菊里的脸瞬间涨得通红。她把下巴缩进衬衫的衣领里,声音打着颤:“因、因为……你说……有味道……”
她今天没喝酒。
不喝酒的广井菊里,是个彻头彻尾的社恐。平时那种奔放、游刃有余的姿态,全都是酒精麻痹后的产物。
“星、星歌前辈……”菊里求助地看向吧台里的星歌,眼角甚至泛起了一点泪花,“酒……给我一点酒……我快不能呼吸了……”
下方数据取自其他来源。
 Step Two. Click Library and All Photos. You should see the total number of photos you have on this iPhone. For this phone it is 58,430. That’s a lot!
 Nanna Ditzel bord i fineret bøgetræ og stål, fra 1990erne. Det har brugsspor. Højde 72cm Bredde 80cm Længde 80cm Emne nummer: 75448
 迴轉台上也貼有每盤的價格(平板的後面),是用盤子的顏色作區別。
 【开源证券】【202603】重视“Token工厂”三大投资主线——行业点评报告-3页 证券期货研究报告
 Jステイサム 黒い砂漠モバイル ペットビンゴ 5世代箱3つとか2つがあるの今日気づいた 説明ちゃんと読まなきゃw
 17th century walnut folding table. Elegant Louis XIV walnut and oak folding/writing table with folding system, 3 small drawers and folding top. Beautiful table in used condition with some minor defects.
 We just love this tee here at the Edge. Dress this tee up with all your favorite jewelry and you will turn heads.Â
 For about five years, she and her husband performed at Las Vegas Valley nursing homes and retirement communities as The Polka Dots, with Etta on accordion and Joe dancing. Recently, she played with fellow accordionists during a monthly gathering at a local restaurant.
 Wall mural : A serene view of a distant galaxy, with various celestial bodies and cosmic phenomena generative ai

“没钱不给。”星歌毫不留情,“你上个月的账还没结清。”
PA桑手指敲击计算器:“加上之前的獭祭,总计七万八千四百日元。”
菊里捂住脸,发出一声绝望的悲鸣。她趴在桌面上,身体微微发抖。
“请她喝一杯。”林彻看向星歌,“算我账上。”
菊里猛地抬起头。她看着林彻,清澈的眼眸里满是感激。
“林、林同学……”因为没喝酒,她连“小哥”都不敢叫了,规规矩矩地喊了一声。
星歌叹了口气,从冷柜里拿出一罐清酒,“砰”的一声放在菊里面前。“你就惯着她吧。”
菊里双手抱住酒罐,像是抱住了救命稻草。她急切地拉开拉环,“嗤”的一声轻响,
她刚想仰头灌下去,一只手横插过来,按住了酒罐的顶端。
林彻的手覆在菊里的手背上,温热的触感让菊里浑身一激灵。
“等一下。”林彻开口。
菊里僵住了。她呆呆地看着林彻,大脑瞬间宕机。
林彻微微倾身,拉近了两人之间的距离。他盯着菊里的眼睛,
“这杯酒,不是白请的。”
菊里咽了一口唾沫:“那、那要怎么样……”
“抬起头,看着我。”林彻松开手,靠回椅背上。
菊里咬着下唇挣扎了几秒。最终,她深吸了一口气,慢慢抬起头。
视线交汇。
林彻看着她。没喝酒的菊里,眼神没有平时那种浑浊的迷离感。加上这身保守的打扮,反倒透出一种意外的清纯。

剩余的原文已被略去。